ASSIGNMENT:
Span requested from the data below: the line with "For our tutorial" through the line with "Soft Bingsu shop", both included. Give only these lines again, exactly, and leave every picture out.

Stored records:
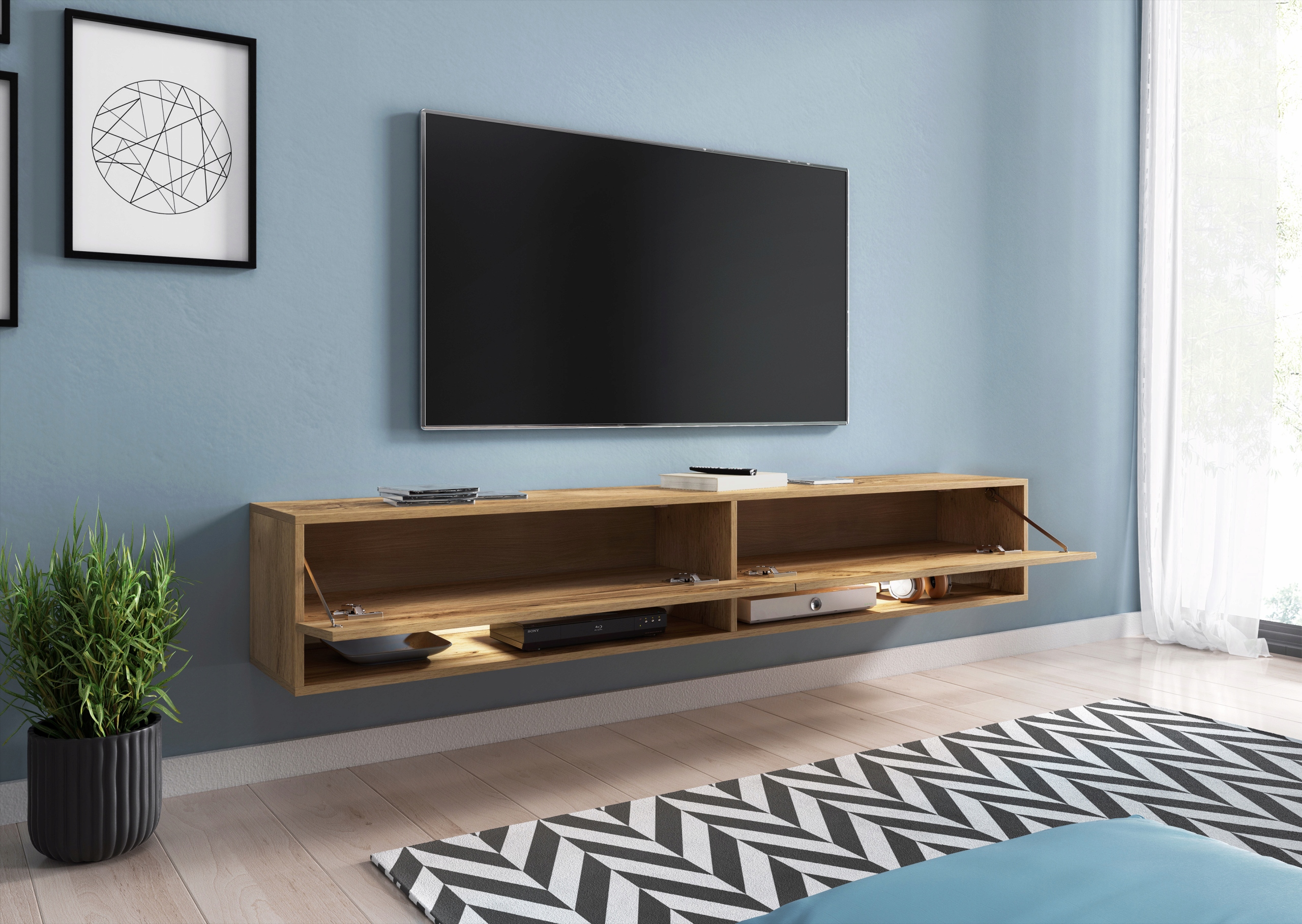 Шкаф RTV Lowboard 180 cm Wotan подвесной / напольный
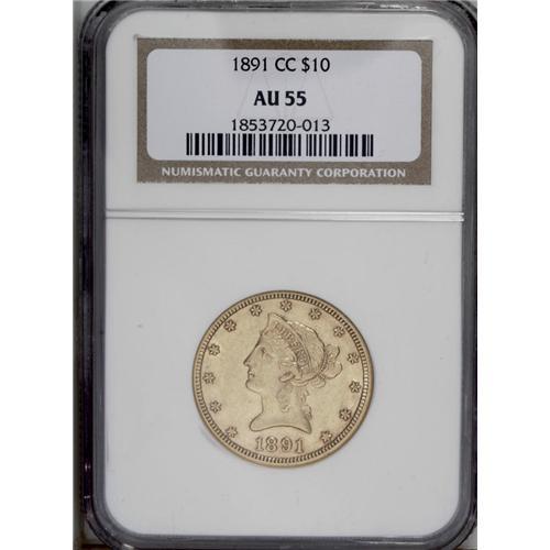 <B>1891-CC $10 AU55 NGC.</B></I> This amber-gold piece has ample original luster and light highpoint wear that blends with the soft strike. The usual handling marks appear on the surfaces.<BR><BR><b>Shipping:</b> Coin/Currency (<a target="_blank" href="http://www.heritageauctions.com/common/shipping.php">view shipping information</a>)
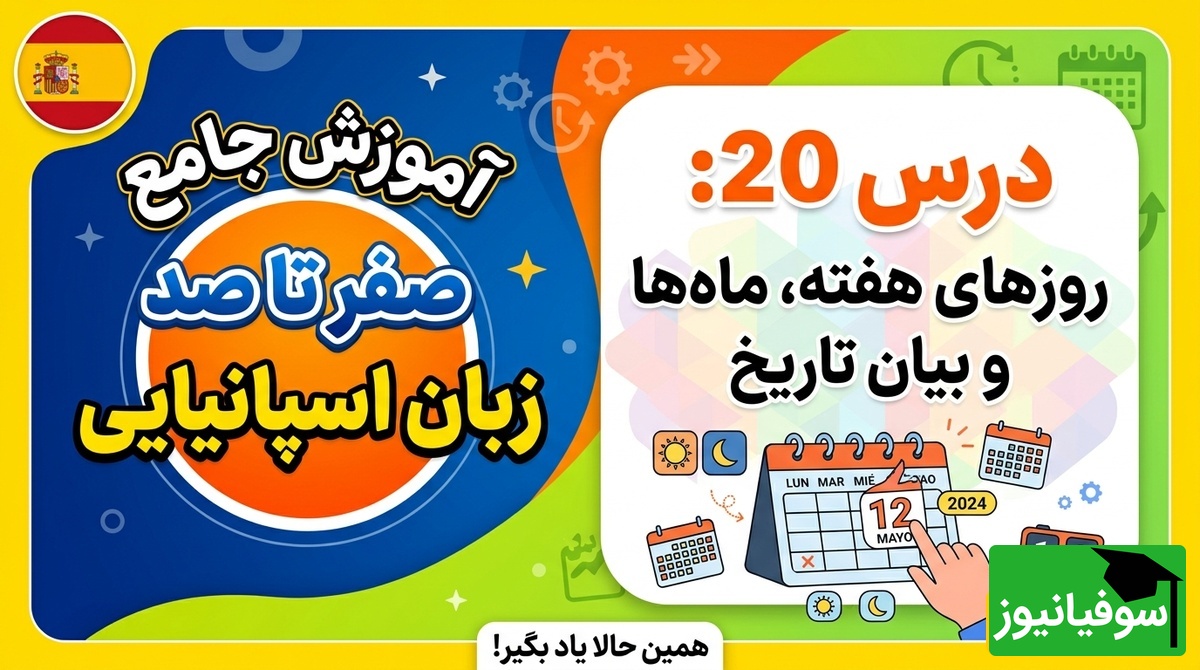 سوفیانیوز: در درس بیستم آموزش زبان اسپانیایی، بهصورت کامل و کاربردی با روزهای هفته، ماههای سال و نحوه بیان تاریخ آشنا شوید. با مثالهای ساده و قابل فهم، مهارتی کلیدی برای مکالمه روزمره و نوشتار را یاد بگیرید و سطح زبان خود را سریعتر ارتقا دهید.
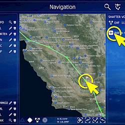 For our tutorial flight the PFD should show “ICFN” on the legend to the right of the display, the course of 250° should be set automatically.
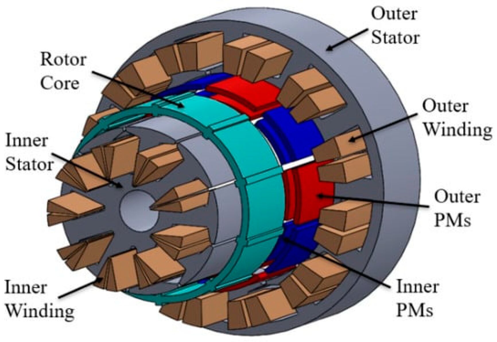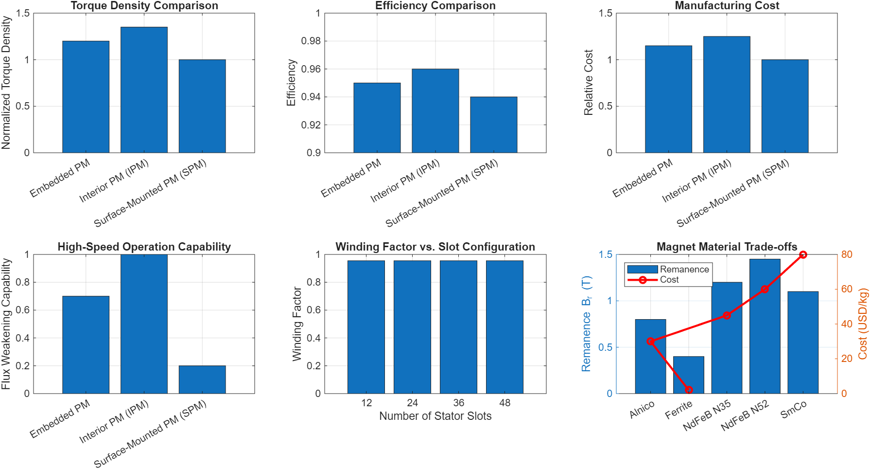 - Design Principles: Systematic evaluation of rotor configurations (Surface-Mounted PM, Interior PM, and Embedded PM), stator geometry optimization, and magnet material selection [7].
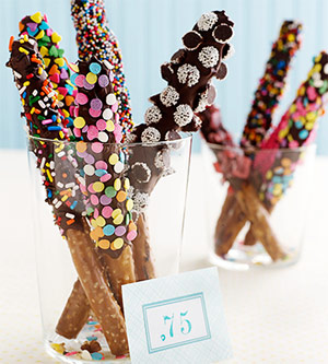 2. Ladle chocolate over 3/4 of each pretzel rod. Tap or scrape off excess chocolate, then roll pretzel in sprinkles, crushed cookies, toffee bits or mini M&Ms.
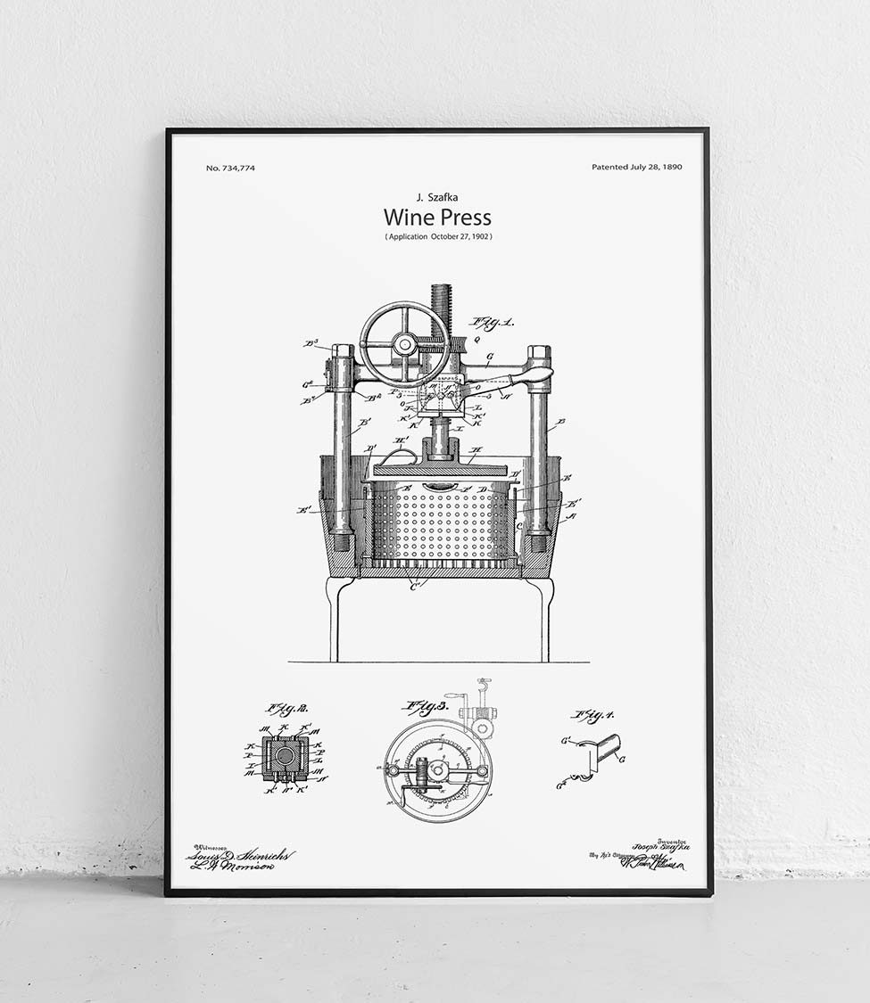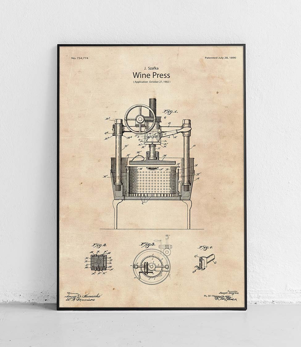 A poster featuring a reproduction of Joseph Szafek's patent for a wine press.
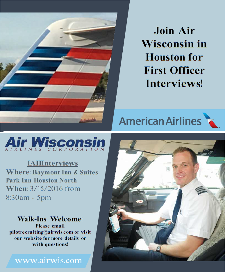 Join Air Wisconsin In Houston for First Officer Interviews
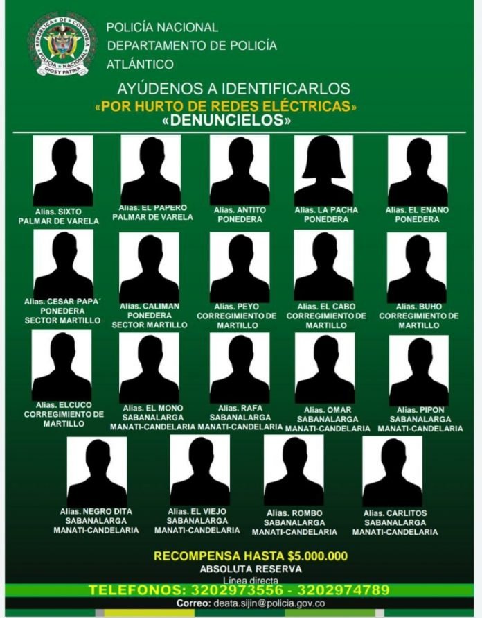 Barranquilla, agosto 24 de 2020. Gobernación del Atlántico. Con 19 figuras sin rostro, pero identificadas con sus alias y los municipios donde han realizado sus hurtos, la Policía Departamento del Atlántico, Deata, dio a conocer el cartel de los más buscados por hurto de redes eléctricas en esta zona del país.
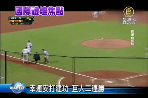 【新唐人亞太台2012年10月26日訊】來看到美國職棒世界大賽第二戰的戰況。老虎與巨人上演投手戰,巨人靠著幸運的內野安打攻下分數,以2比0險勝老虎,取得二連勝。
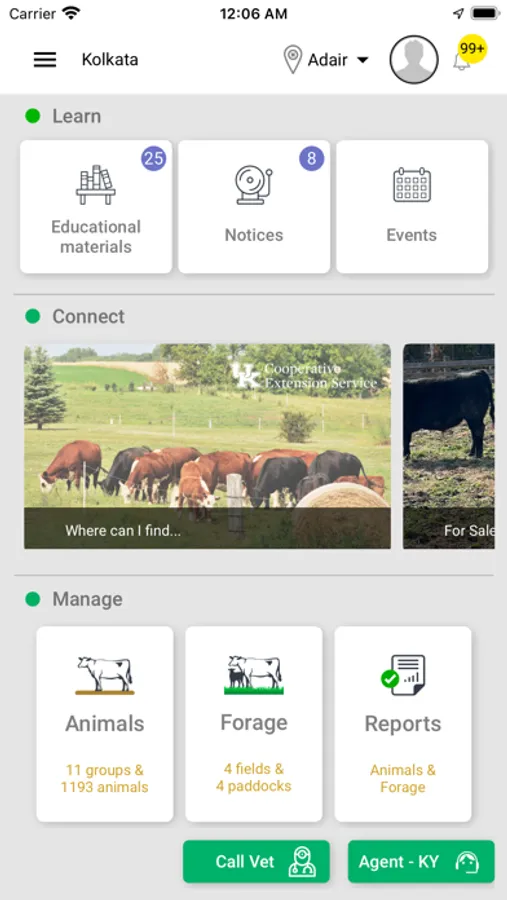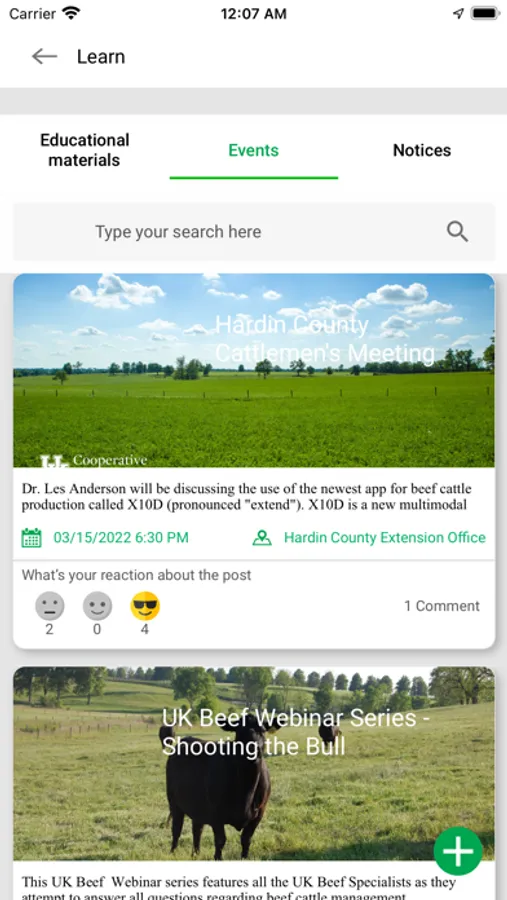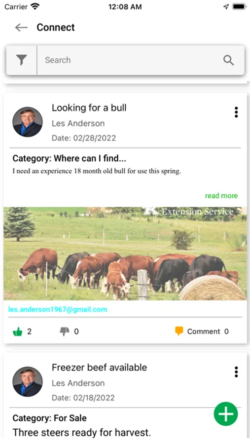Connect: Users will use this component to connect with other beef industry professionals in their county. All users in a county will have access to a message board and can post and communicate about the beef industry, items for sale or purchase, production practices, etc.
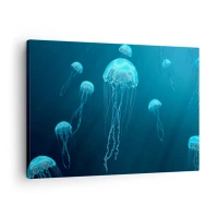 Obraz na plátne - Medúzy plávajúce v hlbinách oceánu v modrých tónoch - 70x50cm - Oceánsky tanec - Moderná nástenná dekorácia do obývacej izby a spálne ARTTOR
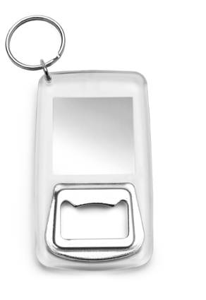 Schlüsselanhänger '2in1' aus Kunststoff, inklusive Kapselheber, Lieferung ohne Papiereinleger
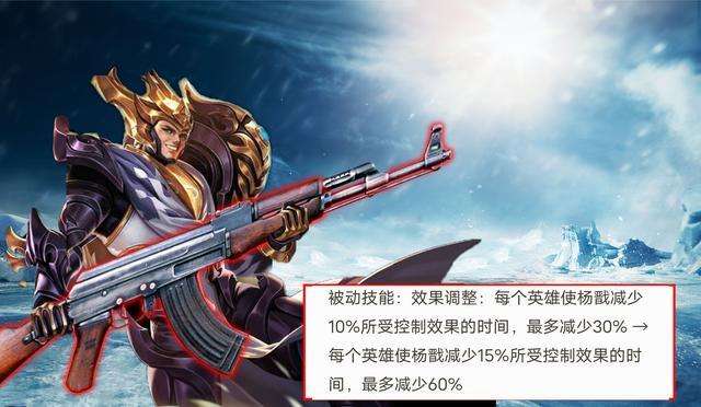 杨戬在7月13日更新中进行了加强,其被动韧性效果直接由10%~30%提升至20%~60%,也就意味着若他的周围有三名敌方英雄单位即可享受满韧性加持,几乎是控制不住的存在。故本次更新对于其被动进行了削弱,将每个敌人提升的韧性由20%下调至15%,也就意味着团战中需要周围有4个敌人,才可发挥杨戬的全部实力。虽小幅削弱,然而相比正式服而言还是强出了天际。
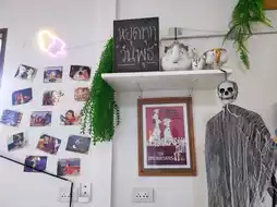Soft Bingsu shop is located opposite D Park Condo near Sriracha Tiger Zoo. From the outside, it looks like a small, minimalistic shop, but once you step inside, you'll find a dedicated dessert-making room and a cozy seating area for customers. The interior is decorated in a cute, minimalistic style. I visited during Halloween, so the shop was themed accordingly.
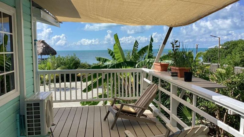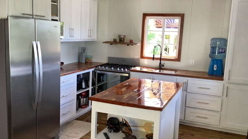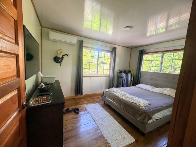 Beautifully furnished and thoughtfully designed, the home features an inviting open-plan layout and a cozy front veranda perfect for morning coffee or sunset views. White hardwood kitchen cabinets and gleaming varnished wooden countertops create a fresh, bright feel, while Belizean hardwood floors add warm island character throughout.
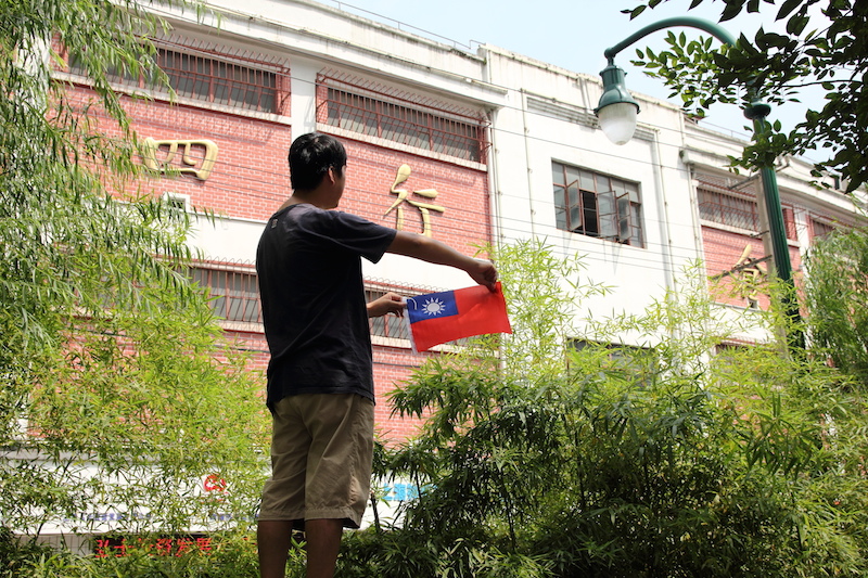 身為一個愛國青年,自然要效法一下當年楊惠敏的精神,親自送上一面國旗來四行倉庫,以紀念當年的抗日先烈。只可惜現在飄揚在這片土地上的已經不再是青天白日滿地紅旗了,一切都已成為歷史,這面青天白日滿日紅旗不知道會不會在我有生之年在這世界上消失,唉,年輕時候再怎麼的憤青,過了幾年現實的磨礫之後,那種憤青的書生意氣也終將給磨平了。
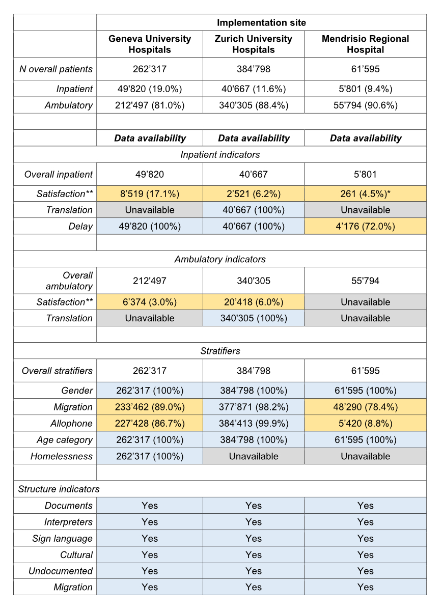 To summarise, this feasibility study showed three levels of availability for the proposed indicators. First, indicators based on routine data such as “Delay in care”, or “Translation” at USZ were largely available (>90%, in green in table 1). Second, indicators requiring extra effort to be assessed were partially available (>0–90%, in yellow in figure 2). The availability of patient satisfaction data, for instance, depends in large part on the survey response rate. Lastly, some indicators were fully unavailable (in grey in figure 2), usually due to a lack of required variables in the information system, such as “receiving a translation” at HUG and EOC.

WRITTEN REPLY:
 For our tutorial flight the PFD should show “ICFN” on the legend to the right of the display, the course of 250° should be set automatically.
 - Design Principles: Systematic evaluation of rotor configurations (Surface-Mounted PM, Interior PM, and Embedded PM), stator geometry optimization, and magnet material selection [7].
 2. Ladle chocolate over 3/4 of each pretzel rod. Tap or scrape off excess chocolate, then roll pretzel in sprinkles, crushed cookies, toffee bits or mini M&Ms.
 A poster featuring a reproduction of Joseph Szafek's patent for a wine press.
 Join Air Wisconsin In Houston for First Officer Interviews
 Barranquilla, agosto 24 de 2020. Gobernación del Atlántico. Con 19 figuras sin rostro, pero identificadas con sus alias y los municipios donde han realizado sus hurtos, la Policía Departamento del Atlántico, Deata, dio a conocer el cartel de los más buscados por hurto de redes eléctricas en esta zona del país.
 【新唐人亞太台2012年10月26日訊】來看到美國職棒世界大賽第二戰的戰況。老虎與巨人上演投手戰,巨人靠著幸運的內野安打攻下分數,以2比0險勝老虎,取得二連勝。
Connect: Users will use this component to connect with other beef industry professionals in their county. All users in a county will have access to a message board and can post and communicate about the beef industry, items for sale or purchase, production practices, etc.
 Obraz na plátne - Medúzy plávajúce v hlbinách oceánu v modrých tónoch - 70x50cm - Oceánsky tanec - Moderná nástenná dekorácia do obývacej izby a spálne ARTTOR
 Schlüsselanhänger '2in1' aus Kunststoff, inklusive Kapselheber, Lieferung ohne Papiereinleger
 杨戬在7月13日更新中进行了加强,其被动韧性效果直接由10%~30%提升至20%~60%,也就意味着若他的周围有三名敌方英雄单位即可享受满韧性加持,几乎是控制不住的存在。故本次更新对于其被动进行了削弱,将每个敌人提升的韧性由20%下调至15%,也就意味着团战中需要周围有4个敌人,才可发挥杨戬的全部实力。虽小幅削弱,然而相比正式服而言还是强出了天际。
Soft Bingsu shop is located opposite D Park Condo near Sriracha Tiger Zoo. From the outside, it looks like a small, minimalistic shop, but once you step inside, you'll find a dedicated dessert-making room and a cozy seating area for customers. The interior is decorated in a cute, minimalistic style. I visited during Halloween, so the shop was themed accordingly.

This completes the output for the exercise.